Package micycle.pgs

Class PGS_Tiling

java.lang.Object
micycle.pgs.PGS_Tiling
public final class PGS_Tiling extends Object
Tiling, tessellation and subdivision of the plane using periodic or non-periodic geometric shapes.

A tiling is created when a collection of tiles fills a plane such that no gaps occur between the tiles and no two tiles overlap each other.

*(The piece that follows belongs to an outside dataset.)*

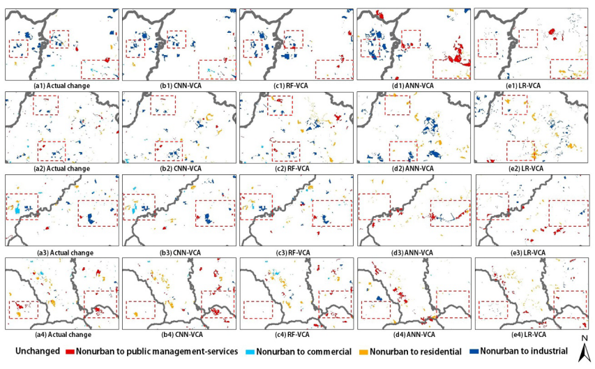 结果表明:与其它现有的VCA模型(如逻辑回归-VCA,人工神经网络-VCA和随机森林-VCA)相比,CNN-VCA模型实现了最高的模拟精度(FoM指数为0.361,景观相似度为0.948)。
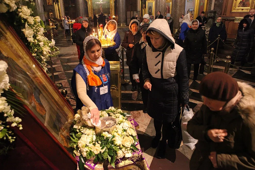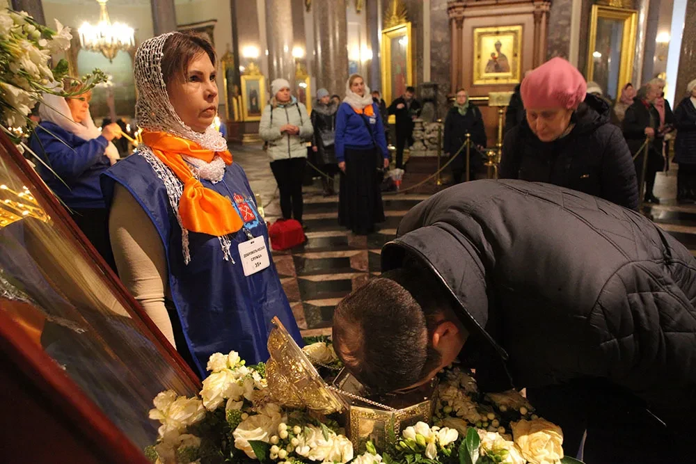 В первый день поклонения, 10 марта, Казанский собор был заполнен верующими, жаждущими прильнуть губами к стеклу на поверхности ковчежца. К четвергу очередь немного поредела. В середине рабочего дня я насчитала человек шестьсот. Мужчины и женщины, с детьми за ручку и в колясках, больше пожилых, чем молодых.

Naming convention in this class:
Methods ending with "subdivision" recursively break the plane down into smaller and smaller shapes, usually of the same geometric type at each step (for example, rectangles are split into smaller rectangles).
Methods ending with "division" split the plane all at once, in a single step, often by making several cuts or slices, with no recursion.

Since:
1.2.0
Author:
Michael Carleton

  • Method Summary

    Modifier and Type
    Method
    Description
    static processing.core.PShape
    annularBricks(int nRings, double cx, double cy, double innerRadius, double ringGrowth, double segGrowth)
    Generates a geometric arrangement composed of annular-sector bricks arranged in concentric circular rings.
    static processing.core.PShape
    arcDivision(double width, double height, int arcs, long seed)
    Creates a cellular partition of the plane using arcs formed by circles seeded along its boundary.
    static List<processing.core.PVector>
    doyleSpiral(double centerX, double centerY, int p, int q, double maxRadius)
    Generates a Doyle spiral.
    static processing.core.PShape
    hatchSubdivision(double width, double height, int gridCountX, int gridCountY, long seed)
    Randomly subdivides the plane into equal-width strips having varying lengths.
    static processing.core.PShape
    hexTiling(double width, double height, double sideLength, boolean flat)
    Generates a hexagonal tiling of the plane.
    static processing.core.PShape
    islamicTiling(double width, double height, double w, double h)
    Generates an "islamic-style" (Girih) tiling of the plane.
    static processing.core.PShape
    penroseTiling(double centerX, double centerY, double radius, int steps)
    Generates a Penrose Tiling (consisting of rhombi).
    static processing.core.PShape
    quadSubdivision(double width, double height, int depth)
    Recursively and randomly subdivides the given/bounded plane into convex quad polygons.
    static processing.core.PShape
    quadSubdivision(double width, double height, int depth, long seed)
    Recursively and randomly subdivides the given/bounded plane into convex quad polygons.
    static processing.core.PShape
    rectSubdivision(double width, double height, int maxDepth)
    Recursively and randomly subdivides the given/bounded plane into rectangles.
    static processing.core.PShape
    rectSubdivision(double width, double height, int maxDepth, long seed)
    Recursively and randomly subdivides the given/bounded plane into rectangles.
    static processing.core.PShape
    sliceDivision(double width, double height, int slices, boolean forceOpposite, long seed)
    Divides the plane into randomly “sliced” polygonal regions.
    static processing.core.PShape
    squareTriangleTiling(double width, double height, double tileSize)
    Generates a non-periodic tiling, comprising squares and equilateral triangles.
    static processing.core.PShape
    squareTriangleTiling(double width, double height, double tileSize, long seed)
    Generates a non-periodic tiling, comprising squares and equilateral triangles, having a given seed.
    static processing.core.PShape
    triangleSubdivision(double width, double height, int maxDepth)
    Recursively and randomly subdivides the given/bounded plane into triangles.
    static processing.core.PShape
    triangleSubdivision(double width, double height, int maxDepth, long seed)
    Recursively and randomly subdivides the given/bounded plane into triangles.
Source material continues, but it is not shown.